There’s a continual shifting of focus within I Am Woman; the film ebbs between Helen Reddy’s personal story and breaking America and the feminist movement of the late 60s onwards campaigning for equal rights from women. Though the bias flows towards Reddy as she battles indifference, ignorance and misogyny though her ideals are clear throughout the film.

Arriving in New York in 1966 from Australia with her young daughter Tracy, Helen Reddy (Tilda Cobham-Hervey) is given a short sharp lesson in the ways of the music business when a promised recording contract is welshed on and she is taken advantage of by club owners paying her less than the band because she is in the country illegally, and she’s a woman.

According to the industry The Beatles have changed everything and women singers are just not viable. Almost destitute Reddy meets Jeff Warn (Evan Peters) through her journalist friend Lilian Roxon (Danielle Macdonald), an ambitious manager who befriends her, become lovers and eventually marrying.

Moving the family to Los Angeles promising to work on her behalf and get a deal and concerts, Wald gets side-tracked with Deep Purple, with the excuse that they are what people want to hear, to which Reddy replies but women don’t! Reddy pushes him to make the opportunities happen eventually having to lock Jeff in his office, forcing him to repeatedly call Capitol records until they finally bend and agree to let her record a single.

From then on they prosper, TV, concert and album offers come flooding in as well as the money. So far so conventional a bio-pic it’s here that the equalities issues and career start to intertwine with the growing movement in the US for women’s rights. We also see a marked assertiveness and confidence in Reddy during interviews and in her push to get I Am Woman released as a single, which is patronisingly laughed off during a record company meeting.

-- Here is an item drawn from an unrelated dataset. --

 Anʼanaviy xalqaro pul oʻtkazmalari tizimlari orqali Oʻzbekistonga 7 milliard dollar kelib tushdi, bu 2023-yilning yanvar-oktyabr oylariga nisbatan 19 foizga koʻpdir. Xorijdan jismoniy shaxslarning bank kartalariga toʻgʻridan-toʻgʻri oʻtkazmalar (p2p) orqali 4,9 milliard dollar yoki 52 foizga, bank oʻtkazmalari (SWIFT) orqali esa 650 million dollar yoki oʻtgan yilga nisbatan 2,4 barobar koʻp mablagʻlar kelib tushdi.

Relegated to an album track, through hard marketing it eventually became a hit and an anthem for the women’s movement. At the same time Warn and Reddy’s relationship deteriorates due to his drug habit and financial decisions that wreck the stability of the family

It’s obvious why director Unjoo Moon and writer Emma Jensen concentrated on this particular time in Reddy’s life; from a difficult start she reaches her career's critical and commercial heights plus her growing involvement in contentious equality issues of the day. It also allows them develop her character from her nervy New York early days to being confident and (mostly) in control during the golden years. The film does drift into the 80’s, hinting at a drop in sales, her desire to return to jazz and her retirement from music only to re-emerge several years later.

Also from a plainly dramatic perspective there’s the tussles with Jeff as he struggles with his demons and his wife’s success and the wider social changes. Peters and Cobham-Hervey are excellent in their roles as the fractious couple but the pathos is with Macdonald as Lilian, the friend cruelly cast adrift in the wake of Helen’s success.

And that is the main problem with the film Its cohesive enough and doesn’t jar as the events unfold it’s just lacks any real emotional depth, that is right up until the final section of the film. That doesn’t include the short character profiles at the end that are out of date as Helen Reddy sadly passed away within a month of the film’s release.

I Am Woman is currently on theatrical release and available on digital platforms.